• RECORDS SHOWN:
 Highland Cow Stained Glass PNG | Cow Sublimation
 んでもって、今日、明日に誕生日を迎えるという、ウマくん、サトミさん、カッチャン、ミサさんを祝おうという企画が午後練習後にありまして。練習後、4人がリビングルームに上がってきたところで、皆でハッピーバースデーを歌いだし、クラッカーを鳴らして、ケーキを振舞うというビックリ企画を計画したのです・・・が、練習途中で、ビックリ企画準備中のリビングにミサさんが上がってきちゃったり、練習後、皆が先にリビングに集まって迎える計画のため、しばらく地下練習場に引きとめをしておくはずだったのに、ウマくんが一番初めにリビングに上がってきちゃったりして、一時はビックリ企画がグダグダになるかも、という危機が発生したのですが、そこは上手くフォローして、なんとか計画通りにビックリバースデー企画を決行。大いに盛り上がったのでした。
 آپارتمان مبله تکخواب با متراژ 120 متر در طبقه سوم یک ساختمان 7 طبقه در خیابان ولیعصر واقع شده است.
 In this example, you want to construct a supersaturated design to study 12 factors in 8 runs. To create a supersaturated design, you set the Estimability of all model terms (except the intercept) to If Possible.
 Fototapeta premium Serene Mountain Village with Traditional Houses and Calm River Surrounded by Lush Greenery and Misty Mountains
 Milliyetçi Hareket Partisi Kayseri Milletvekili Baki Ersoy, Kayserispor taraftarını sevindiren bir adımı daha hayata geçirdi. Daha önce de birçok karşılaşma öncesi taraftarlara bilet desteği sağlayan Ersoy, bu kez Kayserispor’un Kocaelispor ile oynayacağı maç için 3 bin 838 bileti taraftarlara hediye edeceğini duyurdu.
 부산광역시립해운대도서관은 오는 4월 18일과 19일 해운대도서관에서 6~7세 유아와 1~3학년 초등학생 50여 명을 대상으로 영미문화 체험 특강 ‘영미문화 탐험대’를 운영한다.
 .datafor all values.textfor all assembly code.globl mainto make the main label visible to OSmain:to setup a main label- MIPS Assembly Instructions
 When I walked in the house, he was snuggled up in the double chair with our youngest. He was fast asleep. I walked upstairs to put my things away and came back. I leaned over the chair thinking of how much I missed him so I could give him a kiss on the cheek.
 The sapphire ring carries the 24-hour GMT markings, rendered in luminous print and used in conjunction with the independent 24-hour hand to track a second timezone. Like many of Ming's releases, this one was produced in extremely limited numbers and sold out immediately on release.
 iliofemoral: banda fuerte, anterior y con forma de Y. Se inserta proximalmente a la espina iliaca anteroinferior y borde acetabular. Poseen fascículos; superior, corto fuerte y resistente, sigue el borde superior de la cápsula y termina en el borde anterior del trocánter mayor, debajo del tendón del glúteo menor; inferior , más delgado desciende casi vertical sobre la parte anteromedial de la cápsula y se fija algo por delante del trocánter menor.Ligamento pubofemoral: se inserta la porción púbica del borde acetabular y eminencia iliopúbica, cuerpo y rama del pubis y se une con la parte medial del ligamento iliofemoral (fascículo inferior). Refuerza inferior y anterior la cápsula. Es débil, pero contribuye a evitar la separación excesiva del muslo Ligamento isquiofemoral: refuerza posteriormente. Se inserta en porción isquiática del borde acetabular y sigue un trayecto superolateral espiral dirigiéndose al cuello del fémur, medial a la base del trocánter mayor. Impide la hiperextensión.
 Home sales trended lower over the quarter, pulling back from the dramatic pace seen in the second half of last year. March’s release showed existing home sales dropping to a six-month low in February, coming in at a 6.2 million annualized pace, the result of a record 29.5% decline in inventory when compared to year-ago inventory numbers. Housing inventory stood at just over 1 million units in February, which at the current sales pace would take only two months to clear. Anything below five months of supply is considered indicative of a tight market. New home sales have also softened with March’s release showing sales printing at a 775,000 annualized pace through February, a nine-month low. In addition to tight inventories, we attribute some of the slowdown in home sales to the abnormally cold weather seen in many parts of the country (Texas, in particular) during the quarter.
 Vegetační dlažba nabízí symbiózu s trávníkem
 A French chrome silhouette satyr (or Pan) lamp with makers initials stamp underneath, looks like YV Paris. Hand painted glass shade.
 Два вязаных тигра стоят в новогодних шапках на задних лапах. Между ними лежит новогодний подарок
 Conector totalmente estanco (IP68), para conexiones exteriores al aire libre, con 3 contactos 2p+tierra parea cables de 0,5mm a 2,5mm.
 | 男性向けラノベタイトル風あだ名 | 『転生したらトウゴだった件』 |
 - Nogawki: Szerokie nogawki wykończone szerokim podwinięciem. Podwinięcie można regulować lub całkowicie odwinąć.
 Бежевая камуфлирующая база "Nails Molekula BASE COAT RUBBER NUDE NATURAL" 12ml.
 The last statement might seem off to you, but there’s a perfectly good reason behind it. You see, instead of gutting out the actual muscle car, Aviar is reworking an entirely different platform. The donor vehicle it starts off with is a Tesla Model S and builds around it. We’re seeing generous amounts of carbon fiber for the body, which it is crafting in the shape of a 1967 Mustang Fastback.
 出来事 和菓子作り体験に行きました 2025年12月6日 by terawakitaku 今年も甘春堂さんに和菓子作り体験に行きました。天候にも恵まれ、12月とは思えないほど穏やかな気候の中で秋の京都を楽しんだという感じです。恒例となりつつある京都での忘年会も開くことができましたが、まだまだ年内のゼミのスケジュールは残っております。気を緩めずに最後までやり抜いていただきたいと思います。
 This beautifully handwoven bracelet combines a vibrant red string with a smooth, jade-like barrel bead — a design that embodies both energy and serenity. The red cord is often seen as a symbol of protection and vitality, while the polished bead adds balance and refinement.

• WORK TO COMPLETE: A word-for-word restatement of the lines running from the one with "A French chrome" to the last line of the records is the whole answer.

• TASK RESULT:
 A French chrome silhouette satyr (or Pan) lamp with makers initials stamp underneath, looks like YV Paris. Hand painted glass shade.
 Два вязаных тигра стоят в новогодних шапках на задних лапах. Между ними лежит новогодний подарок
 Conector totalmente estanco (IP68), para conexiones exteriores al aire libre, con 3 contactos 2p+tierra parea cables de 0,5mm a 2,5mm.
 | 男性向けラノベタイトル風あだ名 | 『転生したらトウゴだった件』 |
 - Nogawki: Szerokie nogawki wykończone szerokim podwinięciem. Podwinięcie można regulować lub całkowicie odwinąć.
 Бежевая камуфлирующая база "Nails Molekula BASE COAT RUBBER NUDE NATURAL" 12ml.
 The last statement might seem off to you, but there’s a perfectly good reason behind it. You see, instead of gutting out the actual muscle car, Aviar is reworking an entirely different platform. The donor vehicle it starts off with is a Tesla Model S and builds around it. We’re seeing generous amounts of carbon fiber for the body, which it is crafting in the shape of a 1967 Mustang Fastback.
 出来事 和菓子作り体験に行きました 2025年12月6日 by terawakitaku 今年も甘春堂さんに和菓子作り体験に行きました。天候にも恵まれ、12月とは思えないほど穏やかな気候の中で秋の京都を楽しんだという感じです。恒例となりつつある京都での忘年会も開くことができましたが、まだまだ年内のゼミのスケジュールは残っております。気を緩めずに最後までやり抜いていただきたいと思います。
 This beautifully handwoven bracelet combines a vibrant red string with a smooth, jade-like barrel bead — a design that embodies both energy and serenity. The red cord is often seen as a symbol of protection and vitality, while the polished bead adds balance and refinement.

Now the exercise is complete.